Add code interpreter into your LLM apps with llm-sandbox
LLM Sandbox is a lightweight, portable environment built to run code generated by Large Language Models (LLMs) in a secure, isolated setting using Docker containers. It is a great fit for machine learning infrastructure running on Kubernetes. With its intuitive interface, you can easily set up, manage, and execute code within a controlled environment, simplifying the process of testing and running LLM-generated scripts.
Key Features
- Effortless Setup: Create sandbox environments quickly with minimal configuration.
- Complete Isolation: Run code in isolated Docker containers to safeguard your host system.
- Versatile: Supports multiple programming languages, including Python, Java, JavaScript, C++, Go, and Ruby.
- Highly Portable: Use predefined Docker images or custom Dockerfiles for ultimate flexibility.

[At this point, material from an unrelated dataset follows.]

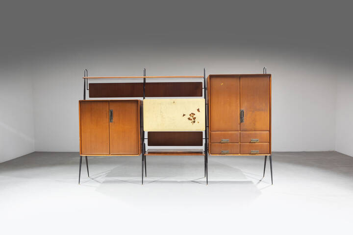Struttura in metallo verniciato, elementi in legno e particolari in ottone.

- Scalable: Seamlessly integrate with Kubernetes and remote Docker hosts for larger deployments.
Using llm-sandbox with Cloudfleet
Set up CLoudfleet CLI
Use the Cloudfleet console to get instructions for the CLI installation and setup (Clusters -> Connect). If you don’t have a cluster yet, follow the getting started guide. Your commands will look similar to the following:
cloudfleet auth add-profile user default 12312312-abcd-1234-5678-90abcdef1234
cloudfleet clusters kubeconfig abcdefgh-1234-5678-90ab-cdef01234567
kubectl config set-context abcdefgh-1234-5678-90ab-cdef01234567/default
Install llm-sandbox
pip install llm-sandbox
Create script
Create a new file named sandbox_demo.py and add the following code:
from llm_sandbox import SandboxSession
with SandboxSession(
lang="python", keep_template=True, verbose=True, use_kubernetes=True
) as session:
output = session.run("print('Hello, World!')")
print(output.text)
output = session.run(
"import numpy as np\nprint(np.random.rand())", libraries=["numpy"]
)
print(output.text)
session.execute_command("pip install pandas")
output = session.run("import pandas as pd\nprint(pd.__version__)")
print(output.text)
Execute the script
Run the script using the following command: python3 sandbox_demo.py. The output will be similar to the following:
Using local Kubernetes context since client is not provided..
Copying /tmp/code.py to sandbox-python-2afe03b697ed4432af7209edeea84b87:/tmp/code.py..
Executing command: mkdir -p /tmp
Output: code.py
Copied /tmp/code.py to sandbox-python-2afe03b697ed4432af7209edeea84b87:/tmp/code.py in 3.52 seconds
Executing command: python /tmp/code.py
Output: Hello, World!
Hello, World!
Executing command: pip install numpy
Output: Collecting numpy
Downloading numpy-2.0.2-cp39-cp39-manylinux_2_17_x86_64.manylinux2014_x86_64.whl (19.5 MB)
━━━━━━━━━━━━━━━━━━━━━━━━━━━━━━━━━━━━━━━━ 19.5/19.5 MB 39.4 MB/s eta 0:00:00
Installing collected packages: numpy
Successfully installed numpy-2.0.2
[notice] A new release of pip is available: 23.0.1 -> 24.2
[notice] To update, run: pip install --upgrade pip
Copying /tmp/code.py to sandbox-python-2afe03b697ed4432af7209edeea84b87:/tmp/code.py..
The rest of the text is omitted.